CCA Castle Ujazdowski isn’t backing down, saying “we strongly oppose” China’s action, which it has interpreted as “acts of preemptive censorship.”

“We urge all who are committed to freedom of speech and expression to support us and the artist in resisting this pressure by visiting the upcoming exhibition and writing letters of support to the ministry of Culture and National Heritage,” the institution said.

Poland had close economic and political relations with China, which embittered after Russia invaded Ukraine, as Poland was a major supporter of kyiv. The institution’s forceful response to the action of the Chinese government and its willingness to defend freedom of expression contradict a report published last year by the Artistic Freedom Initiative, which suggested that the country’s artists and culture workers were under more pressure under the right-wing populist government.

Badiucao Warsaw

Chinese artist Badiucao pictured with one of his paintings, which equates the faces of Chinese President Xi Jinping and that of former leader Mao Zedong, at Ujazdowski Castle, Center for Contemporary Art in Warsaw, during the installation of his upcoming exhibition “Tell China’s Story Well”. Courtesy of the museum and the artist.

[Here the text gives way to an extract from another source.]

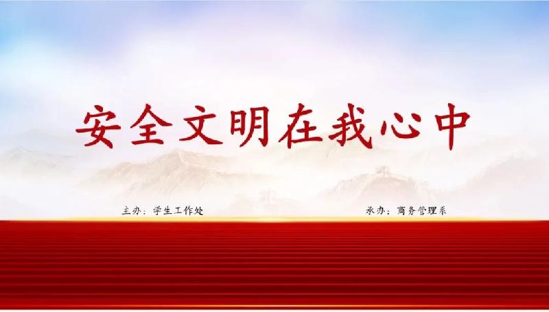 為進一步提高我校學(xué)生安全和文明意識,根據(jù)學(xué)生工作處工作安排,5月17日,商務(wù)管理系組織舉辦“安全文明在我心中”為主題的演講比賽。
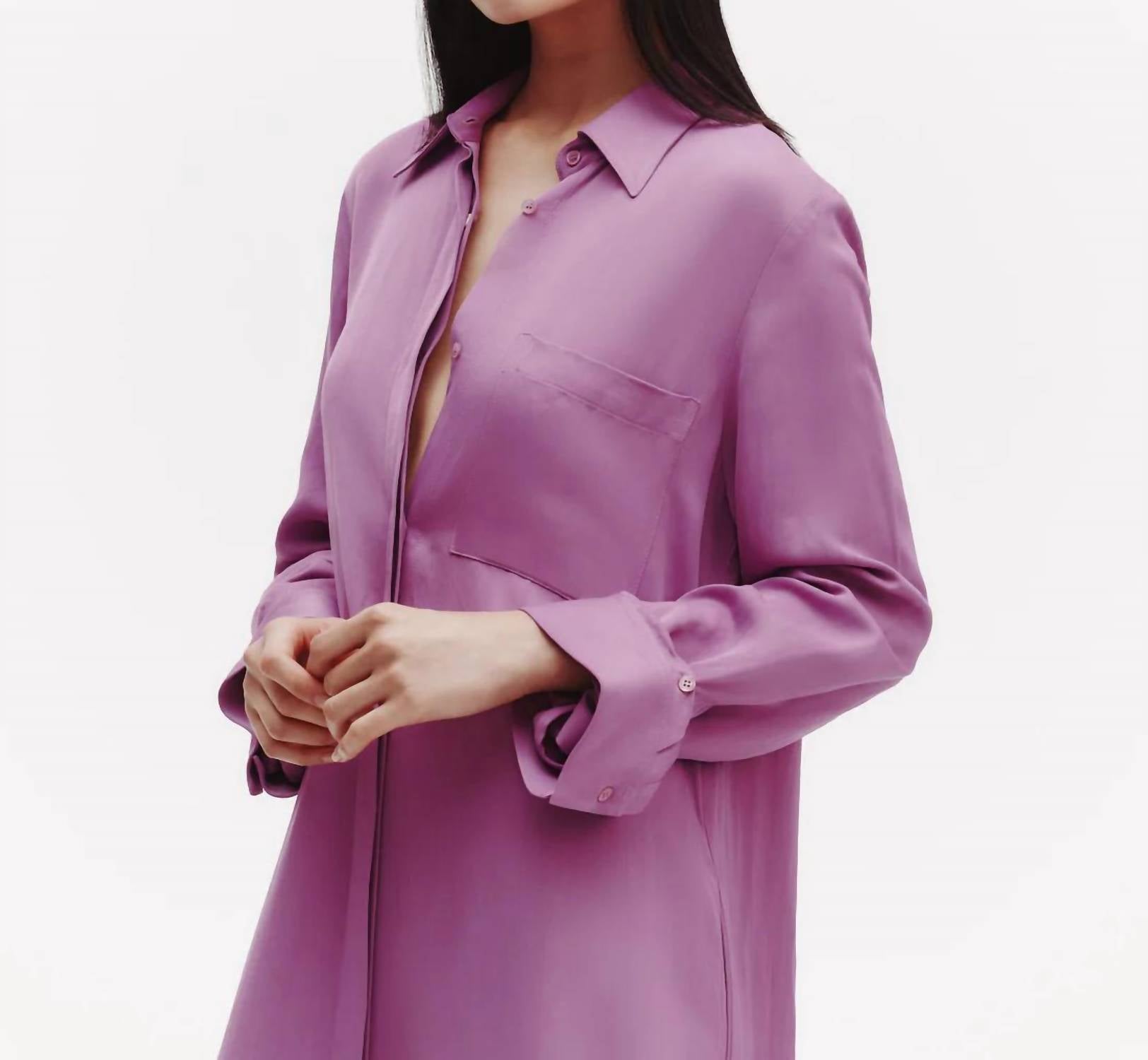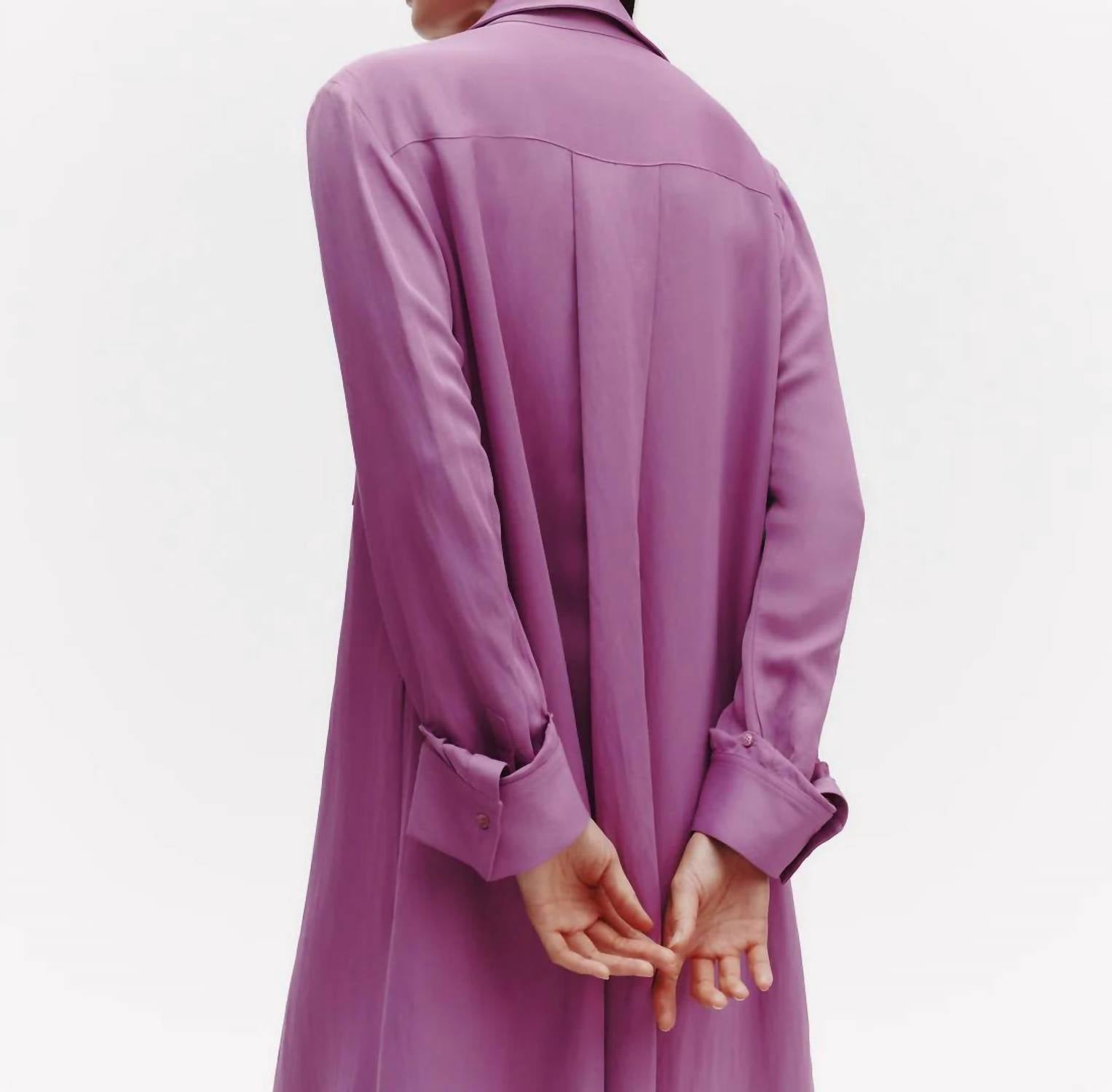 A maxi dress that is just as cute as it is comfortable. Presenting the Jenny's Gown by TWP, a stunning oversized maxi shirt dress in a lilac hue perfect for spring occasions. This piece boasts long sleeves, crafted from a luxurious 76% viscose and 24% linen blend, providing a satiny sheen with the natural weight of linen. The design includes a spread collar, chest patch pocket, signature single roll button cuffs, and a button closure. Whether dressing up or down, this relaxed silhouette effortlessly combines elegance and comfort.

“This is not the first time the Chinese government has tried to kill my exhibit,” Badiucao told Artnet News. In 2021, when the artist had his first major exhibition in Europe, China tried to close it but failed. Last year, Beijing tried to cancel the artist’s exhibition at the DOX Center for Contemporary Art in Prague, but the show went as planned. Last year, the Index of Censorship compiled a report on how the long arm of chinese censorship has reached Europe.

The artist, a Shanghai native and former assistant at Ai Weiwei’s studio in Berlin, says the Chinese government’s actions have backfired and instead helped promote his exhibitions, as long as the museums concerned don’t succumb. not under pressure. But he remains concerned that in the long term Beijing’s ongoing actions will mean that any gallery, museum or institution hosting it will have to suffer the same kind of “bullying and intimidation”.

Badiucao called Beijing’s “wolf warrior” tactics “barbaric” and “unacceptable”. “It’s not normal diplomatic language,” the artist said. “This is not just an attempt to deprive me of my rights to free speech. It’s so clear interference in the affairs of foreign countries.

“But it shows how little the Chinese government respects freedom of expression or appreciates the very essence of art, which is to break down boundaries and speak the truth about our world and our reality,” he said. -he adds.